Wednesday 2 February 2011

The King's Speech: review


There are many lovely moments in this film, which portrays (as surely we all know by now) the attempts to cure the future George VI of his debillitating stammer. Worthy doctors stick pebbles in his mouth ("It worked for Demosthenes"); a soldier's horse brays in the silence as the Duke of York (as he then was) attempts to make his first radio broadcast. The three main characters are played with wit and sensitivity: Colin Firth as his Royal H-H-Highness displaying temper and charm within one frame; Helena Bonham-Carter absolutely marvellously enjoying herself as the future Queen Mum ("this is rather fun, isn't it", she says as she sits on her husband in a doctor's surgery), and Geoffrey Rush as the Antipodean therapist whose unorthodox methods are to win through in the end. (The little princesses, too, are patently adorable, especially when Margaret forgets to curtsey to her father once he's become king and has to be gently reminded by her sister Elizabeth.) There is a lot of comedy, arising not just from the therapies, but also from social awkwardnesses such as coming home to find the Queen in your sitting room. (What would you do, I wonder?)

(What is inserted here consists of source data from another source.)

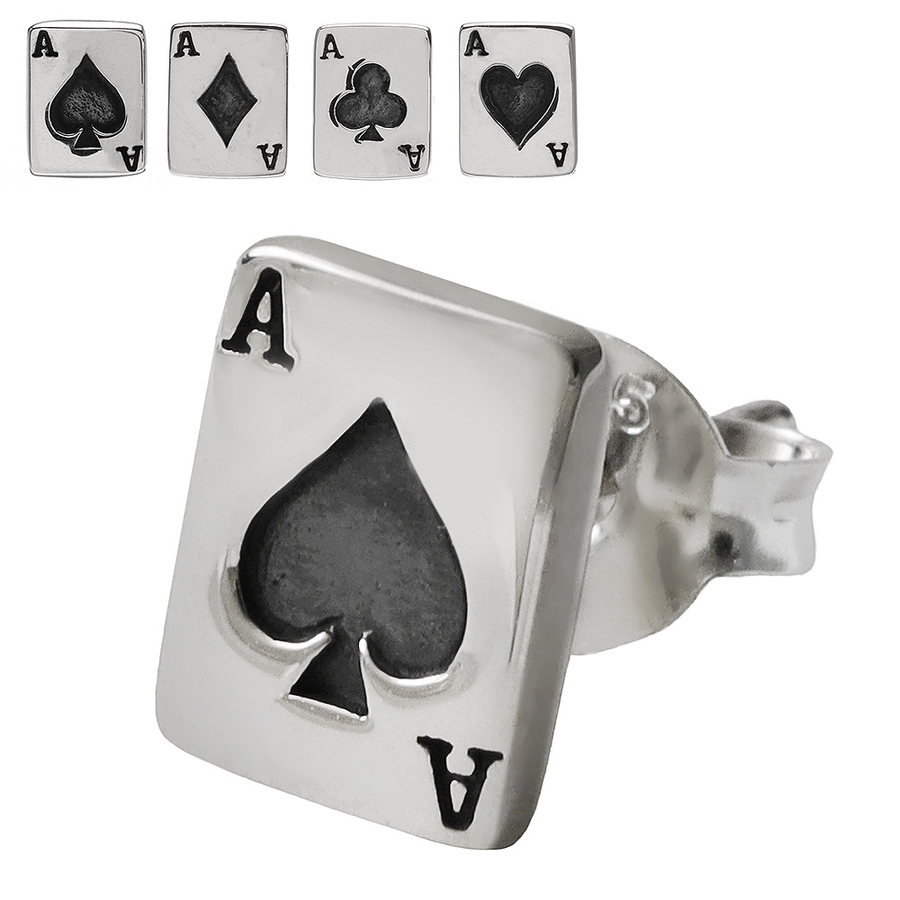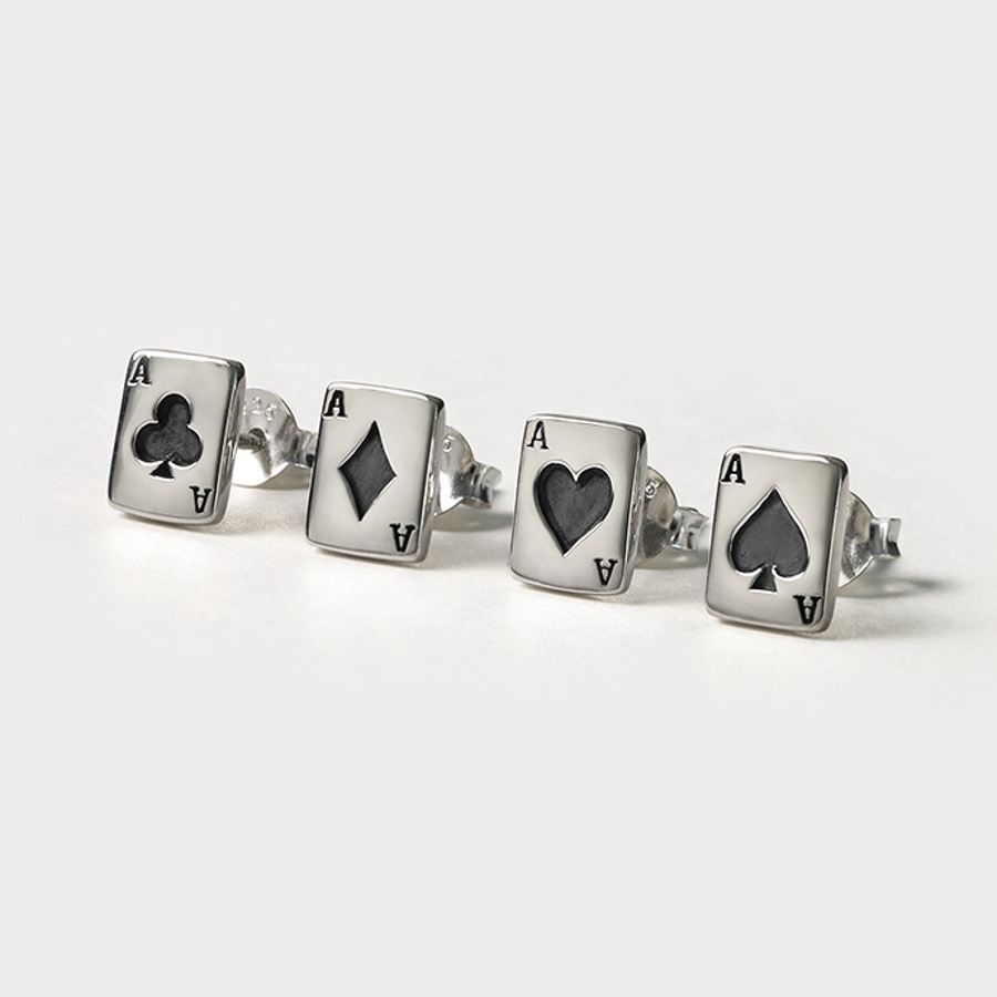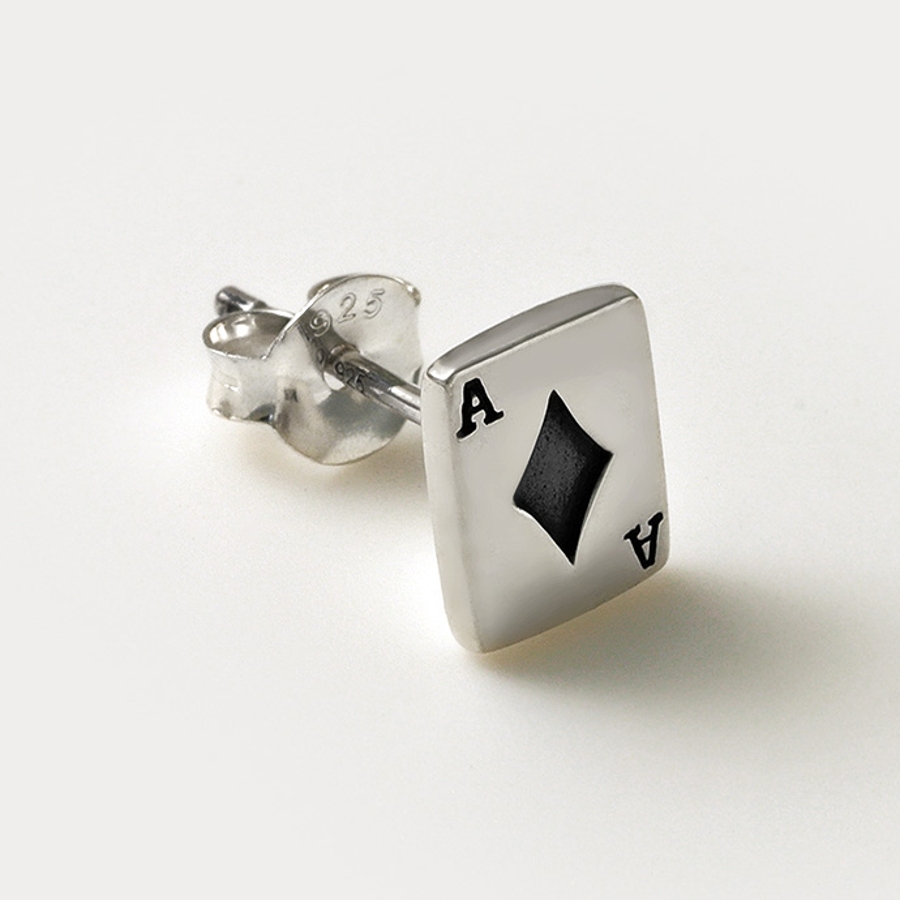 トランプのA(エース)のカードがモチーフになったピアスです。シンプルながらインパクトのあるモチーフに加え、精巧な造りなので注目度◎!スペード、ダイヤ、ハート、クラブの4種類から選べるのが嬉しい、プレゼントにも喜ばれそうなアイテムです。
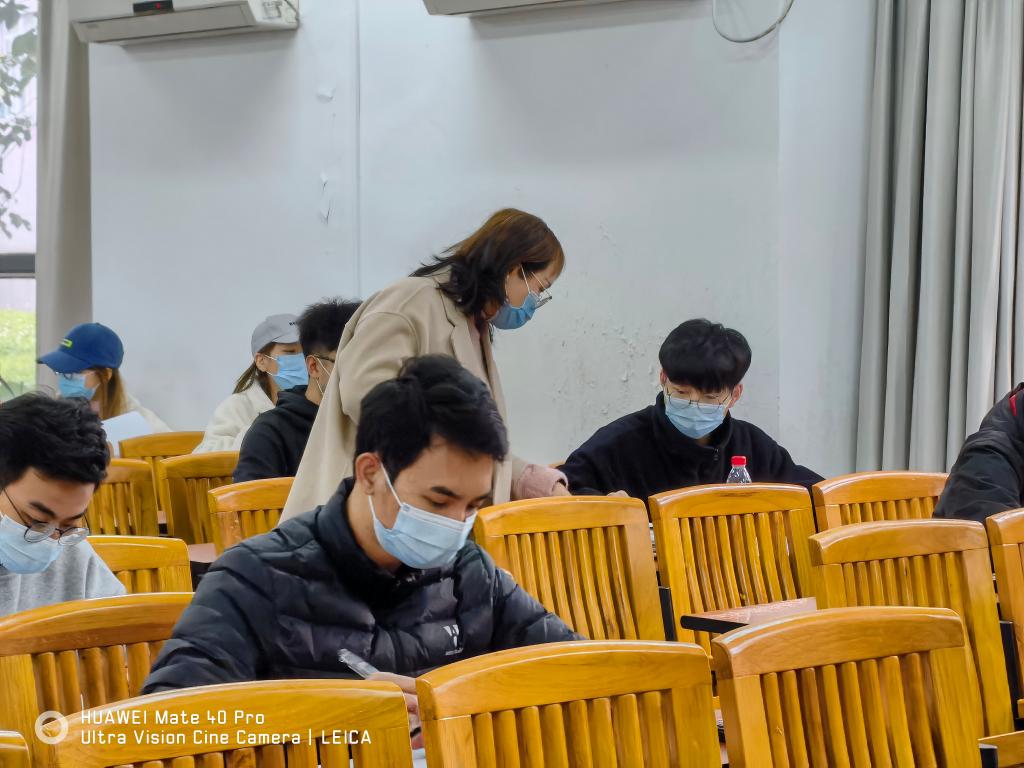 2021-2022学年第一学期期末考试临近,这是进入疫情常态化防控以来化学工程与能源技术学院组织的线下考试,根据《化学工程与能源技术学院考试管理规定》要求,化能学院成立考试巡视小组,检查各考场监考老师的监考情况,抽查学生的考试纪律。12月27日下午,化学工程与能源技术学院党委副书记李利平、副院长陈佰满,应化系教师黄相璇,团委负责人刘哲一同前往教学楼考场,巡视检查期末考试情况。
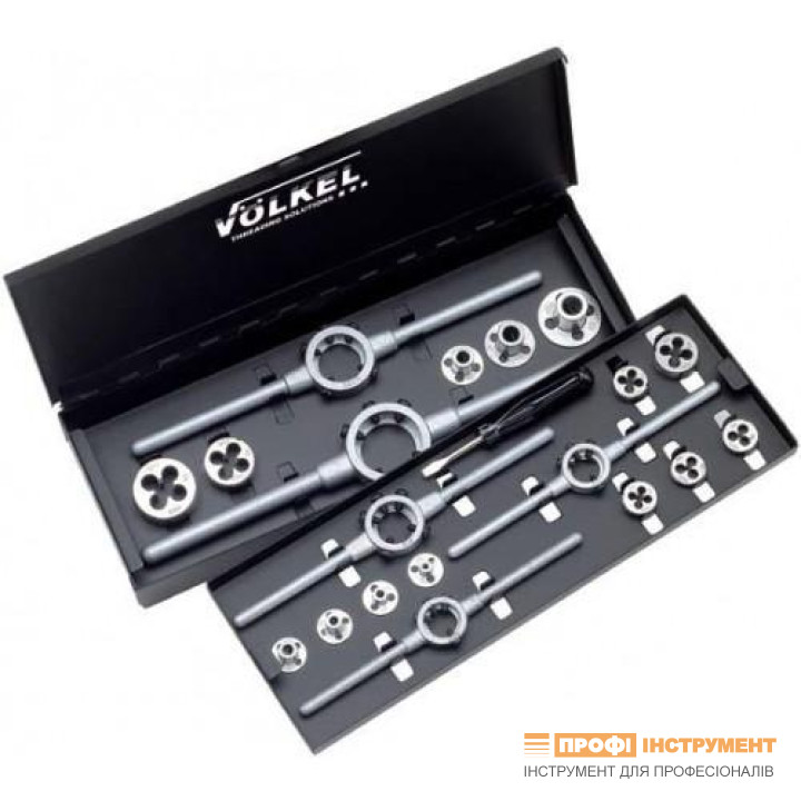 Набор плашек VOLKEL M3-4-5-6-8-10-12, DIN 223 (DIN EN 22568), резьба DIN 13, с комплектом направляющих для плашек 7 шт, Плашкодержатель VOLKELи 20x5, 20x7, 25х9,3 225 (DIN EN 22568), HSS-G, металлический кейс (49599)
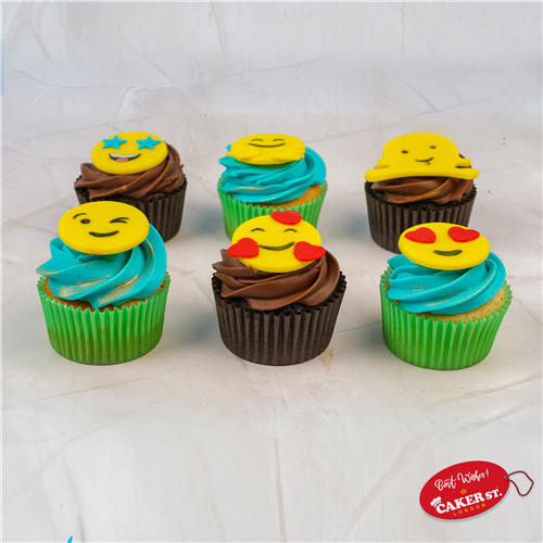 These Emoji cupcakes are a fun and vibrant treat that brings joy to any celebration! Featuring a soft base made from refined wheat and sugar, infused with creamy vanilla and white chocolate, each cupcake is topped with rich cheese cream and fresh blueberries. Decorated with playful sugar paste emojis and a sprinkle of cocoa powder, along with indulgent Belgian chocolate accents, these cupcakes are sure to make everyone smile with each delicious bite!
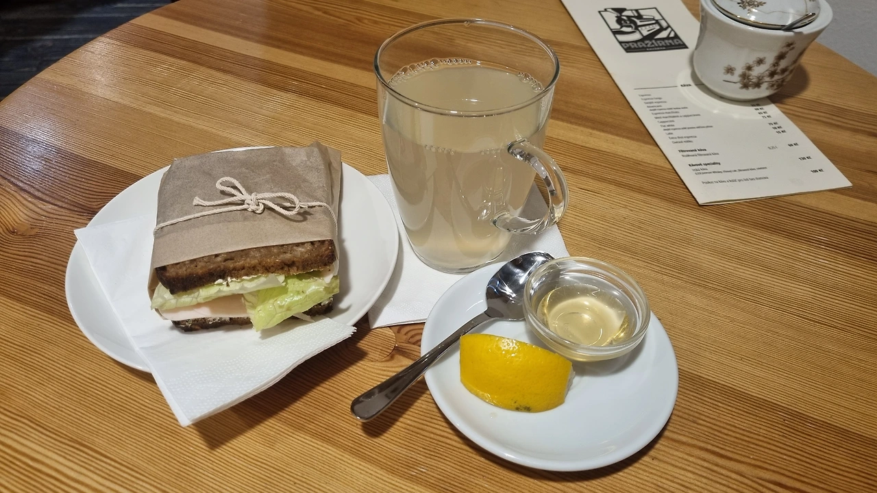 아침만 되면 배꼽시계가 울리니, 구글 평점이 높은 주변 카페를 찾아갔다. 반지하에 위치한 귀여운 카페에 들어서니 여기도 벽돌로 만든 동굴 느낌. 작가들의 그림 전시도 함께 하고 있나보다. 프라하는 화려한 작품이 아니더라도 어디에서나 소소한 예술의 영감을 만날 수 있어서 좋다. 샌드위치와 홈메이드 진저티(생강차)를 먹는데 우리나라 생강보단 좀 맵기가 약하지만 따땃하니 몸에 힘이 생긴다.
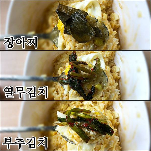 케찹 계란밥에도 반찬들을 얹어서 먹어봤는데
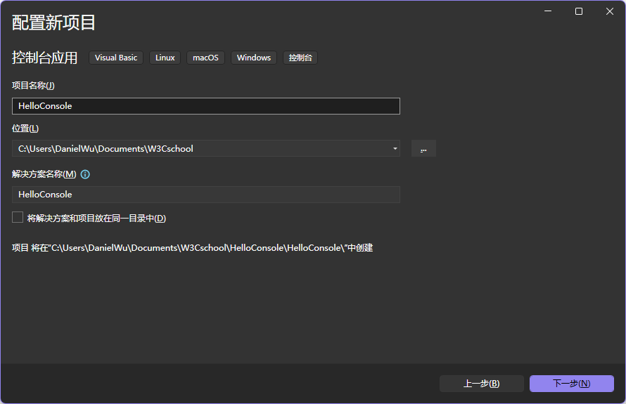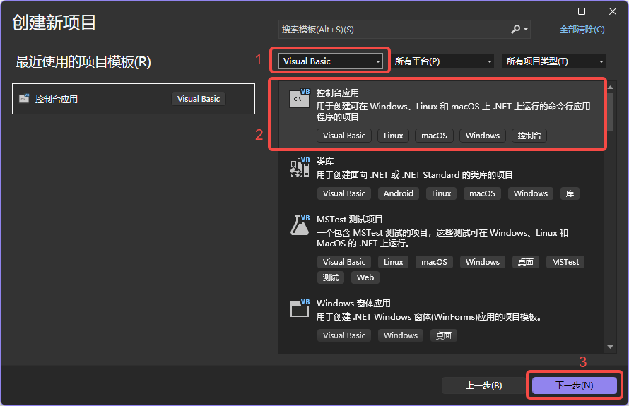 选择语言 Visual Studio ,选中 控制台应用 ,点击 下一步 。
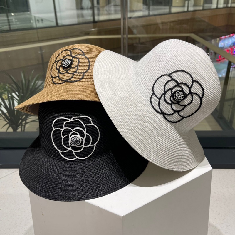 Chanel 2023 Camellia szőtt szalmakalap elegáns nyaraláshoz elengedhetetlen

The message is clear: repression and anger are bad; we must get in touch with our inner softnesses, dispel all childhood fears, and shake off those nasty Victorian neuroses in order to become a fit and modern country. Fair dinkums, as the speech therapist himself would say.

It's as beautifully shot as the game bag at Sandringham. London emerges from wispy fog; the crown estates loom and glower; even the therapist's surgery conspires to be as enormous and daunting as the shadowy recesses of Westminster Cathedral. It is a large and terrifying world, on the knife edge of war; and George VI will come to embody Britain.

The film moves ponderously - royally, in fact - apart from a few montages of the therapy sessions at work. It's enjoyable stuff, to see a King as a man, and to see that man overcoming his weaknesses to become more than a man. What little tension there is in the story is made up for by the superb acting; my only gripe being that someone obviously felt that more tension was needed and injected it with a slightly unnecessary scene in which the therapist's credentials were questioned by a grumpy archbishop.

Its veracity, too, doesn't bother me: it is, after all, a film. One doesn't want to turn into the sort of person who, on hearing the clock strike in Shakespeare's Julius Caesar, says 'but they didn't have clocks in ancient Rome.'

All in all, then, a fine filly of a film; not a work of genius, but something that British filmmaking is justly proud of.